Task requirements = Copy the listing exactly as given. Omit every picture.

******

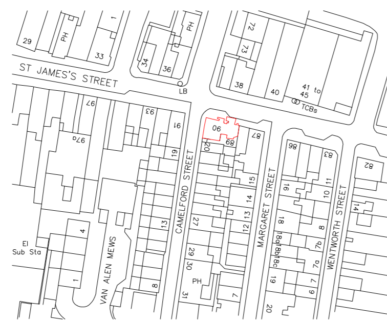
Location plan (Basement Level) 1:1250
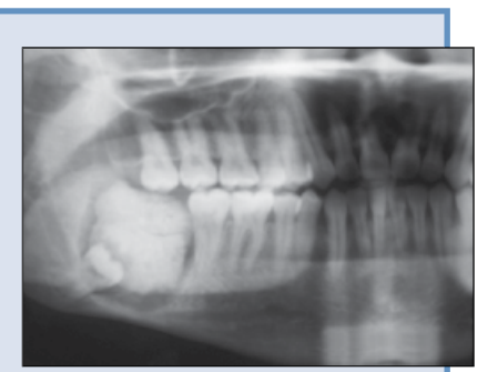
Figure 3: Panoramic radiograph showing the erupting odontoma and the impacted third molar, which was displaced to the disto-inferior region of the angle of the mandible.

the mandibular right third molar, which was displaced disto-inferiorly ( Fig. 3 ). A uniform, well-defined radiolucent halo surrounded the radiopacity except in the superior area where it erupted into the oral cavity. The right mandibular canal was displaced inferiorly. There was no evidence of any root resorption in the right mandibular second molar. Considering the clinical and radiologic presentations, a diagnosis of infected erupting complex odontoma was determined. Under general anesthesia, access to the mass was achieved via an intraoral approach and it was excised along with the impacted tooth, i.e., the mandibular right third molar ( Figs. 4a and 4b ). Histopathologic examination ( Fig. 5 ) of the excised mass confirmed the diagnosis of complex odontoma.
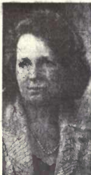
Harris & Ewing

Another measure she backed was the Copeland-Dickstein Bill, which removed sex discrimination in the case of women who marry foreign nationals. One case she cited was that of a Vassar College graduate living in Paris and president of an American club there
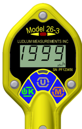
Figure 2.4: Detector Over Range (shown for \mu\text{Sv/h} ); will also flash.
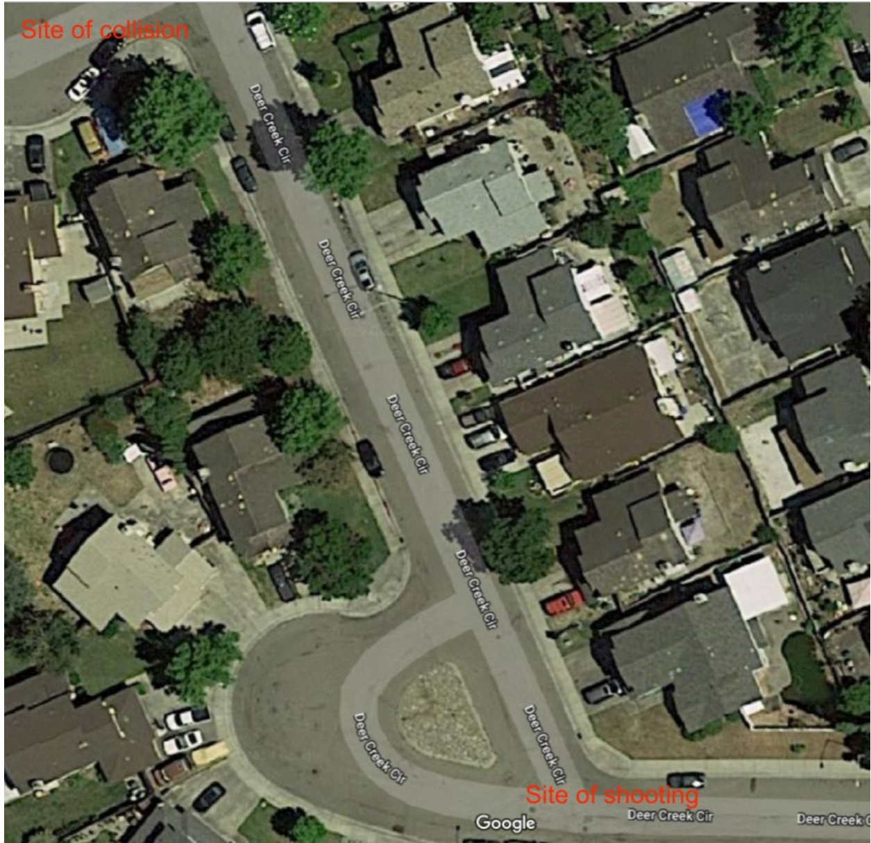
Collision site relative to the site of the shooting – Google Maps.
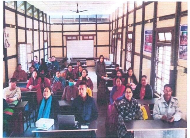
Fig 2: Participants of the programme

Notes: After the completion of this workshop students felt encouraged exploring the areas further.
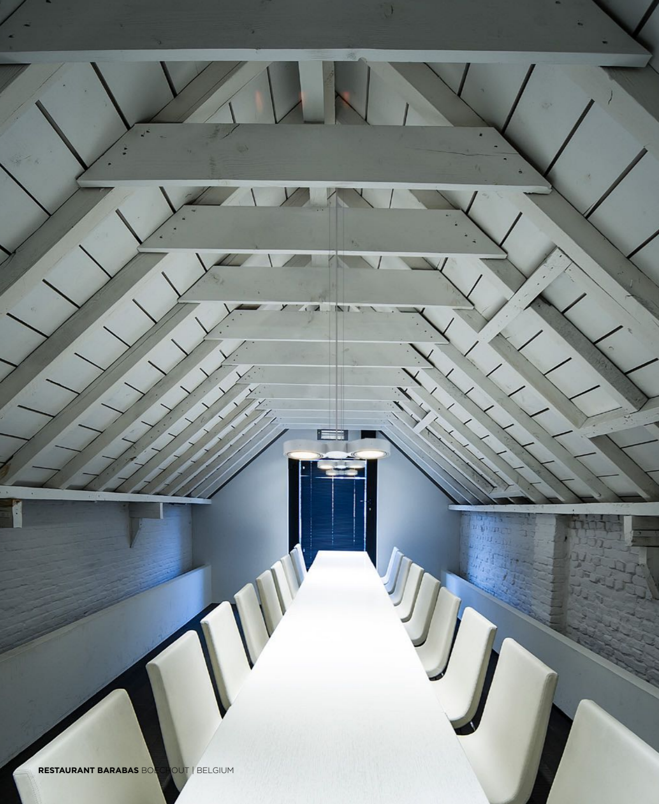
RESTAURANT BARABAS BOESBOUT | BELGIUM
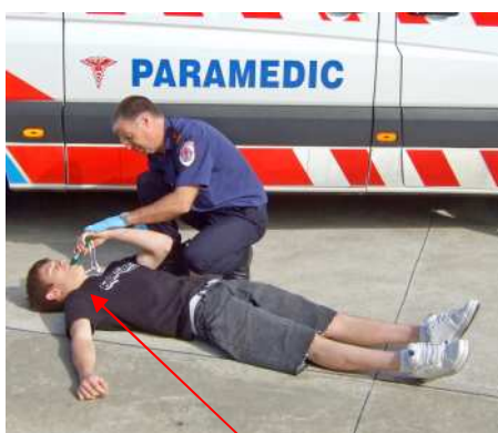
Provide appropriate pain relief

Officer 1 assesses patient as per the section 'Field Use Of The Vacuum Splint' on page 8 of this manual.
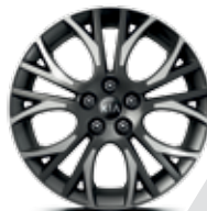
18-inch alloy wheels with graphite finish

'GT Tech' 1.6 T-GDi 201bhp 6-speed manual (171 g/km)
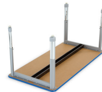
Center support channel is 2" by 3" wide 14-gauge steel, with 11-gauge steel endplates for maximum stability.
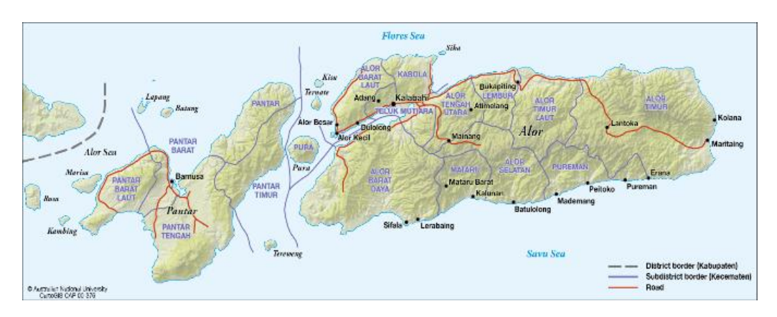
Figure 1. A map of Alor Island (ANU College of Asia & the Pacific, n.d.)

derived from plant names, including, for example, among others, the United States of America<sup>2</sup>, England<sup>3</sup>, Croatia<sup>4</sup>, Romania<sup>5</sup>, South Africa<sup>6</sup>, India<sup>7</sup>, China<sup>8</sup>, and Singapore<sup>9</sup>. Evidently, plants are highly intertwined with the landscape and place naming practices. This paper deals with the intersection of Abui Toponyms and Botany. As mentioned, plant names are reflected in toponyms worldwide. In the case of Abui, although a number of studies have been conducted on the Abui people and language, there is still a consistent research gap on how Abui horticultural and agricultural plants have influenced the making of place names in Alor Island (see Figure 1). Abui is a Papuan language spoken in Alor Island (Alor-Pantar Archipelago, South-East Indonesia, Timor area) by about 17,000 speakers<sup>10</sup>. Thus, this paper aims to ascertain the relationship between botanical lexicon and Abui Toponymy.
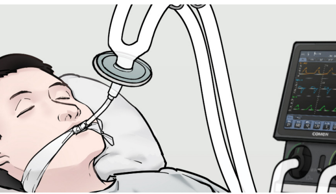
Invasive therapy —— bedside intubation
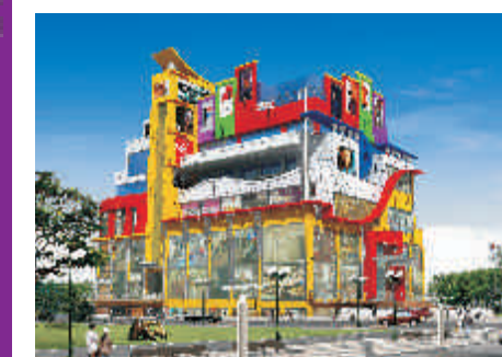
Beta Tower, Vasundhara Possession Handed Over (Recently)
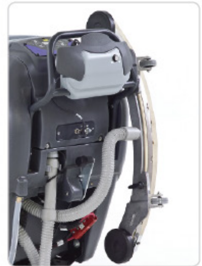
A built-in squeegee hanger makes transport easier and reduces trip and fall accidents.
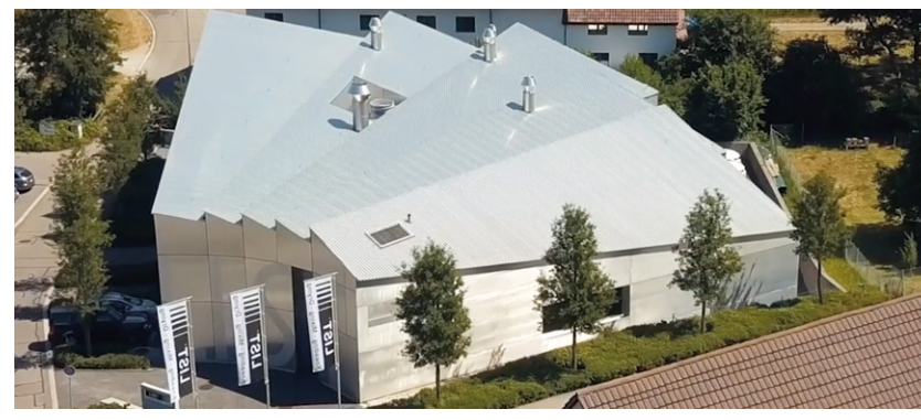
LIST Technology Customer Center in Arisdorf, near Basel Switzerland.

Next to the specifics of the KneaderReactor itself, a very important aspect in the development of the process is the handling and feeding of materials into the Reactor, as well as the appropriate and safe handling of products and waste.
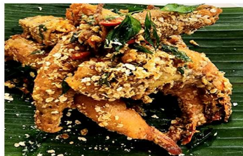
CEREAL PRAWN (5 PCS) $25.90
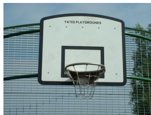
Polyethylene backboard and stainless steel hoop.
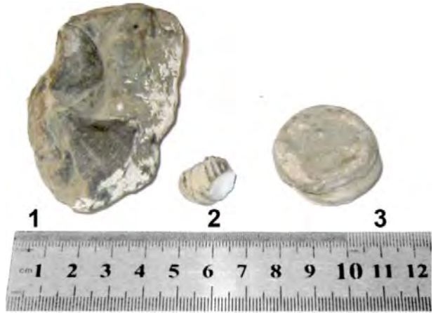
Figure 2. Prints castle without castle brahiopody argillite clastic sediments at the foot of the mountain Zhuantobe:1- Chonetes corboni f erus; 2- Curthospiriferdisjunctus; 3- prints brachiopods.

If terrigenous sediments are preserved prints of external forms of extinct organisms, they are called the fingerprints of the outer core of the body. If prints are stored internal parts they are called prints the inner core of the body [table 3].
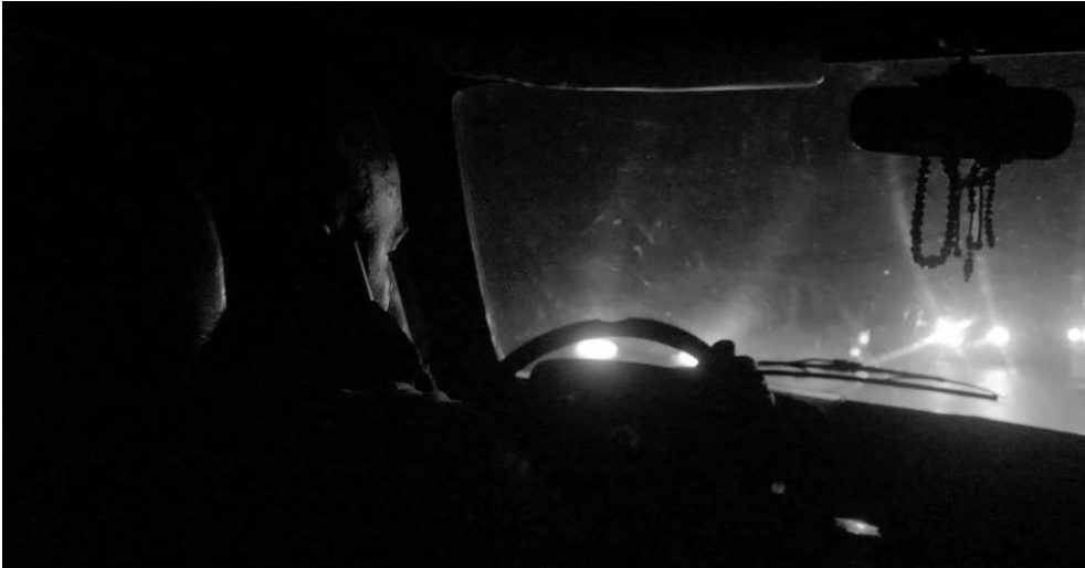
Figure 10 – The border within.
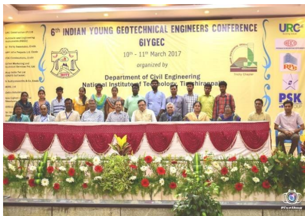
6 th Indian Young Geotechnical Engineering Conference

******

Task solution =
Location plan (Basement Level) 1:1250
Figure 3: Panoramic radiograph showing the erupting odontoma and the impacted third molar, which was displaced to the disto-inferior region of the angle of the mandible.

the mandibular right third molar, which was displaced disto-inferiorly ( Fig. 3 ). A uniform, well-defined radiolucent halo surrounded the radiopacity except in the superior area where it erupted into the oral cavity. The right mandibular canal was displaced inferiorly. There was no evidence of any root resorption in the right mandibular second molar. Considering the clinical and radiologic presentations, a diagnosis of infected erupting complex odontoma was determined. Under general anesthesia, access to the mass was achieved via an intraoral approach and it was excised along with the impacted tooth, i.e., the mandibular right third molar ( Figs. 4a and 4b ). Histopathologic examination ( Fig. 5 ) of the excised mass confirmed the diagnosis of complex odontoma.
Harris & Ewing

Another measure she backed was the Copeland-Dickstein Bill, which removed sex discrimination in the case of women who marry foreign nationals. One case she cited was that of a Vassar College graduate living in Paris and president of an American club there
Figure 2.4: Detector Over Range (shown for \mu\text{Sv/h} ); will also flash.
Collision site relative to the site of the shooting – Google Maps.
Fig 2: Participants of the programme

Notes: After the completion of this workshop students felt encouraged exploring the areas further.
RESTAURANT BARABAS BOESBOUT | BELGIUM
Provide appropriate pain relief

Officer 1 assesses patient as per the section 'Field Use Of The Vacuum Splint' on page 8 of this manual.
18-inch alloy wheels with graphite finish

'GT Tech' 1.6 T-GDi 201bhp 6-speed manual (171 g/km)
Center support channel is 2" by 3" wide 14-gauge steel, with 11-gauge steel endplates for maximum stability.
Figure 1. A map of Alor Island (ANU College of Asia & the Pacific, n.d.)

derived from plant names, including, for example, among others, the United States of America<sup>2</sup>, England<sup>3</sup>, Croatia<sup>4</sup>, Romania<sup>5</sup>, South Africa<sup>6</sup>, India<sup>7</sup>, China<sup>8</sup>, and Singapore<sup>9</sup>. Evidently, plants are highly intertwined with the landscape and place naming practices. This paper deals with the intersection of Abui Toponyms and Botany. As mentioned, plant names are reflected in toponyms worldwide. In the case of Abui, although a number of studies have been conducted on the Abui people and language, there is still a consistent research gap on how Abui horticultural and agricultural plants have influenced the making of place names in Alor Island (see Figure 1). Abui is a Papuan language spoken in Alor Island (Alor-Pantar Archipelago, South-East Indonesia, Timor area) by about 17,000 speakers<sup>10</sup>. Thus, this paper aims to ascertain the relationship between botanical lexicon and Abui Toponymy.
Invasive therapy —— bedside intubation
Beta Tower, Vasundhara Possession Handed Over (Recently)
A built-in squeegee hanger makes transport easier and reduces trip and fall accidents.
LIST Technology Customer Center in Arisdorf, near Basel Switzerland.

Next to the specifics of the KneaderReactor itself, a very important aspect in the development of the process is the handling and feeding of materials into the Reactor, as well as the appropriate and safe handling of products and waste.
CEREAL PRAWN (5 PCS) $25.90
Polyethylene backboard and stainless steel hoop.
Figure 2. Prints castle without castle brahiopody argillite clastic sediments at the foot of the mountain Zhuantobe:1- Chonetes corboni f erus; 2- Curthospiriferdisjunctus; 3- prints brachiopods.

If terrigenous sediments are preserved prints of external forms of extinct organisms, they are called the fingerprints of the outer core of the body. If prints are stored internal parts they are called prints the inner core of the body [table 3].
Figure 10 – The border within.
6 th Indian Young Geotechnical Engineering Conference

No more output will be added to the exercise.